= Rollen Stewart =

American kidnapper (born 1944)

Rollen Fredrick Stewart (born February 23, 1944), also known as Rock'n Rollen and Rainbow Man, is an American man who was a fixture in American sports culture during the 1970s and 80s. He was best known for wearing a rainbow-colored afro-style wig and, later, holding up signs reading "John 3:16" at stadium sporting events around the United States and overseas. He was convicted of multiple kidnapping charges following an incident in 1992 and is serving three life sentences in California.

==Early life==
Stewart grew up in Spokane, Washington. Both his parents were alcoholics. His father died when Stewart was 7 and his mother died in a house fire when he was 15, the same year his sister was strangled by a boyfriend. He operated an auto parts store until his wife left him and he closed the shop and moved to the mountains. From 1972 until at least 1977, he operated a ranch with a new wife in Cle Elum, Washington.

==Publicity==
Stewart and his wife, Linda, were dyeing their hair rainbow colors by 1977 at the latest. A 1977 article in The Everett Herald described the duo as "amateur disco dancers" who traveled to clubs and festivals throughout the Pacific Northwest, including the Portland Rose Festival. Stewart said the couple called themselves "the People Pleasers" and their goal was to make it onto The Gong Show. His first major television appearance was at the 1977 NBA Finals; by the time of the 1979 MLB All-Star Game, broadcasters actively tried to avoid showing him.

After the 1980 Super Bowl, he discovered televangelist Charles R. Taylor and was inspired to become a born again Christian. Shortly thereafter, he began carrying a "John 3:16" sign during his appearances. He "appeared behind NFL goal posts, near Olympic medal stands, and even at the Augusta National Golf Club." At the 1982 Indianapolis 500, he was behind the pits of race winner Gordon Johncock. Stewart would strategically position himself for key shots of plays or athletes. He made no money from this and was homeless for a period. He is believed to have acquired tickets as donations from supportive Christians. Stewart's fame led to a Budweiser beer commercial and a Saturday Night Live parody sketch, in which he was portrayed by Christopher Walken.

Stewart was briefly jailed by Moscow police at the 1980 Summer Olympics. In the late 1980s, he began a string of stink bomb attacks. Targets included Robert Schuller's Crystal Cathedral, the Orange County Register, the Trinity Broadcasting Network, and a Christian bookstore.
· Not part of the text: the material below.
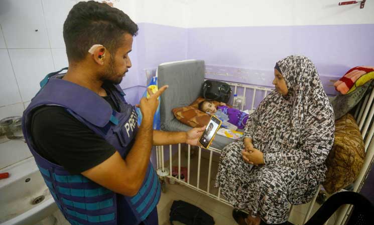 أبو عمرة يحوّل أنقاض الحرب إلى مشاهد مفهومة بلغة الإشارة، وينقل من داخل المستشفيات ومراكز الإيواء تفاصيل الإصابات والتجويع ونداءات الاستغاثة.

The stated intent of an attempted attack at the American Music Awards was to show the public that "God thinks this stinks."

==Arrest==
Stewart was arrested in 1992 after a standoff in a Los Angeles hotel. He had entered a vacant room with two men whom he tried to recruit for a job. The men later fled the scene after he attempted to kidnap a surprised maid who then locked herself in the bathroom. Reportedly, Stewart believed that the Rapture was due to arrive in six days. During the standoff, he threatened to shoot at airplanes taking off from nearby Los Angeles International Airport, and covered the hotel room windows with "John 3:16" placards.
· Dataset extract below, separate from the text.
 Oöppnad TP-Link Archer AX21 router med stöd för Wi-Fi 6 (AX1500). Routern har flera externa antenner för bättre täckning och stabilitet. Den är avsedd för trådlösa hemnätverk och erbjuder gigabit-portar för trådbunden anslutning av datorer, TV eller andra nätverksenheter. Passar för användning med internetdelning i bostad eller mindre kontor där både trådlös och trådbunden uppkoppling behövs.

Stewart was charged with eight felonies, including three counts of kidnapping and hostage taking. He rejected a plea deal of 12 years in order to spread his message in open court. He was convicted on all charges and sentenced to three consecutive life sentences. After being sentenced, he began a religious tirade and had to be restrained by bailiffs. Stewart is currently serving three consecutive life sentences in prison on kidnapping charges, He became eligible for parole in 2002, but it was denied. He was also denied parole in 2005, 2008, 2010, 2017, 2019 and 2020. After this conviction, he was found guilty of four stink bomb attacks.
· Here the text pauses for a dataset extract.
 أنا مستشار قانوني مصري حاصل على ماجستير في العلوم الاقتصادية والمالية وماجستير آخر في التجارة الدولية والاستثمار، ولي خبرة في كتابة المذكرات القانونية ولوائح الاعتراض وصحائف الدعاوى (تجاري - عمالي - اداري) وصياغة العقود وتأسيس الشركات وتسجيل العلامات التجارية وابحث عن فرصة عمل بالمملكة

Stewart ran a blog until the time of his parole denial. He is the subject of the 1997 documentary Rainbow Man, directed by Sam Green. In a 2004 interview with ESPN, he admitted that if he had had a chance to do it all over again, he would have taken the plea deal. However, he said that the standoff happened "at the wrong time."

==Personal life==
Stewart was married four times. In November 1964, he married Suzanne Hoffarth in a Catholic ceremony in a chapel of St. Paul Cathedral in Yakima, Washington. He was next married to Janet Longneeker in Skagit County, Washington in April 1968. Janet was granted a divorce in Pierce County, Washington in October 1971 on the grounds of "burdensome home life." He was married again in a Lutheran ceremony in King County to Linda J. Orff in July 1976 but was divorced by January 1979.

He was most notably married to Margaret Hockridge. The two met at a church in Virginia in 1984. They began traveling across the country together in 1985. While on the road, they married in St. Louis in 1986. During the 1986 World Series, Hockridge said that Stewart tried to choke her for standing in the wrong spot with a "John 3:16" sign. They divorced in 1990, but kept in touch for many years.